Biochemical Characterization of DpcA from Psychrobacter cryohalolentis K5: The First Extremophilic Member of the Haloalkane Dehalogenase Family

Biochemical Characterization of DpcA from Psychrobacter cryohalolentis K5: The First Extremophilic Member of the Haloalkane Dehalogenase Family

Ivana Drienovská¹, Eva Chovancová¹, Táňa Koudeláková¹, Jiří Damborský¹² and Radka Chaloupková¹

¹Loschmidt Laboratories, Department of Experimental Biology and Research Centre for Toxic Compounds in the Environment, Faculty of Science, Masaryk University, Kamenice 5/A4, 625 00 Brno, ²International Clinical Research Center, St. Anne's University Hospital, 656 91 Brno
drienovska@mail.muni.cz

Haloalkane dehalogenases (HLDs, EC 3.8.1.5) are microbial enzymes which catalyze the hydrolysis of a carbon-halogen bond in halogenated aliphatic hydrocarbons, releasing a halide ion and a corresponding alcohol, as the reaction products.
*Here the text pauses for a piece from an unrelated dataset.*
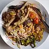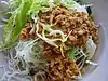 | meeshay | Burmese rice noodle dish with meat sauce, derived from Chinese mixian and developed by the Shan people. Variants include Mogok, Mandalay, and claypot styles. | ![]() | |

HLDs catalyze the reactions of great environmental and biotechnological significance with potential application in the bioremediation, the biosensing, the decontamination of warfare agents, the synthesis of optically pure compounds, the cellular imaging and the protein tagging. The effective use of biocatalysts in these applications requires availability of enzymes with specific properties under harsh process conditions. Such properties can be easily obtained by isolation of novel biocatalysts from the extremophiles, producing the enzymes called extremozymes. These enzymes are able to operate under extreme conditions such as high or low temperature, high or low pH, pressure or high salinity.
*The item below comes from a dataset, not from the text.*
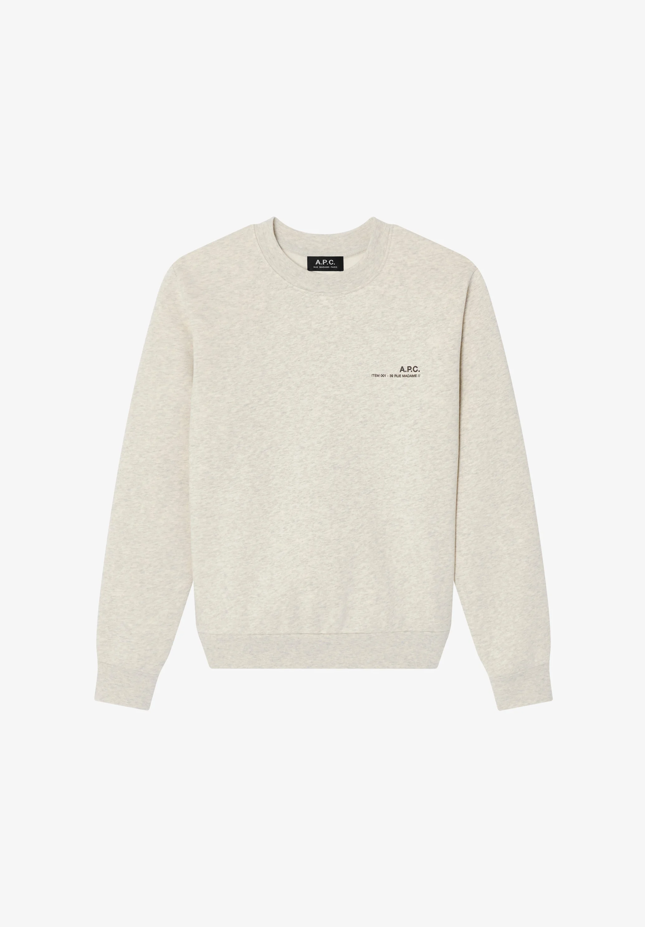 - Unisex model. - Straight cut. - Crew neck. - Small chestnut brown A.P.C. ITEM 001 logo printed over the heart. - This garment is GOTS-certified which guarantees the organic origin of this clothing and the compliance with strict social and environmental criteria throughout the production chain. - GOTS-certified product (No. 214416/EGL) - Organic textile. Size Advice - Model is 5'10 tall and is wearing size XS. - For women. we recommend that you order one size smaller than usual. Composition & Material - 100% cotton. - Portuguese material. - Made in Portugal. - Machine wash cold (86°F) inside-out.

This study describes identification, isolation and biochemical characterization of a novel haloalkane dehalogenase DpcA from Psychrobacter cryohalolentis K5, representing the first extremophilic member of the haloalkane dehalogenase family. This enzyme was purified to homogeneity by metaloaffinity chromatography and biochemically characterized. Correct folding of DpcA was verified by the circular dichroism spectroscopy. Substrate specificity of the enzyme was tested towards thirty different halogenated compounds to confirm its dehalogenase activity. DpcA exhibited one of the narrowest substrate specificity profiles from all biochemically characterized HLDs. It was most active towards 1,3-dibromopropane, 1-bromohexane and 1-bromobutane, generally preferred brominated and terminally substituted substrates. Compared to other HLDs, DpcA has the lowest thermostability (T_m = 34.7 ± 0.6 °C), possesses very unique temperature profile with maximal activity at 25 °C and retains more than 45 % of its activity bellow 15 °C. The psychrophilic properties of DpcA make this enzyme promising biocatalyst for various environmental applications, such as biosensing and/or bioremediation of groundwater contaminated by halogenated pollutants.

This work was supported by the European Regional Development Fund (CZ.1.05/2.1.00/01.0001 and CZ.1.05/1.1.00/02.0123), the Grant Agency of the Czech Republic (P202/10/1435 and P207/12/0775) and the Grant Agency of the Czech Academy of Sciences (IAA401630901).